“公子。”
松鹤走进来,手里拿着陶季的口供。
凌砚淮接过来翻阅完,沉默片刻道:“把这些发往京城,禀告给父皇。”
松鹤诧异地抬头看向王爷:“是。”
这道密信以这样的方式交到陛下手中,就代表着王爷开始关心朝政,不能再继续做万事不管的闲散皇子。
“王爷。”
他犹豫了片刻,还是开口了:“陛下与娘娘应该已经收到您身体可以痊愈的消息。”
这也意味着未来的储君,除了洛王殿下,还有其他选择。
“嗯。
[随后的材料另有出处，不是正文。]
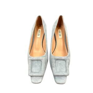 Bibi Lou Poznan Buckle Pump Kitten Heel Square Toe Designer Elegant Blue Suede 6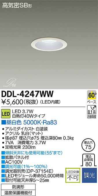 DAIKO 大光電機 LEDダウンライト(軒下兼用) DECOLED’S(LED照明) アウトドア DDL-4247WW

”
凌砚淮提起桌上的笔,开始给帝后写亲笔信。
他的芽芽讨厌洛王,也讨厌洛王压她一头。
上元节那夜他没能出来替她撑腰,是他做得不好。
芽芽想要,他就要努力让芽芽得到。
好大儿身体渐渐好转的消息,确实已经传到帝后耳中。
夫妻二人关上宫门,喜得抱头痛哭。
当夜问天楼放先祖牌位的殿内香火缭绕,皇帝恨不得给所有祖先磕一个,先帝除外。
跪完祖宗,皇帝半夜回到皇后宫里,兴奋得怎么都睡不着,干脆起来连写几道圣旨。
好儿媳妇爹爹,赏五品子爵,享四品伯爵俸禄。
好儿媳娘亲的诰命再升一级。
其兄赏金银珠宝,赏从五品男爵。
其祖父祖母伯父伯母全都赏,通通赏!
想到云家那些为国尽忠的先祖们,皇帝准备派身边的近侍去给云家祖宗们上香,天一亮就去。
皇帝接连恩赏云家的旨意传出来后,朝臣们并不羡慕云家,反而躲在角落瑟瑟发抖。
皇上疯了。
瑞宁王已经半月没有出府,听说昨晚帝后还关上宫门抱头痛哭,哭完就去问天楼跪祖宗,
瑞宁王该不会是……不行了?
这一番对云家的封赏,是为了冲喜,还是对云姑娘即将守寡一辈子的补偿?
朝堂上,朝臣们看着陛下通红的双眼,各个老实又听话,武将与文臣不吵了,支持洛王的朝臣更是大气不敢吭,生怕皇上迁怒。
兴奋得一夜没睡的皇帝才不管他们怎么想,大手一挥让他们退朝,把云伯言单独叫去了御书房。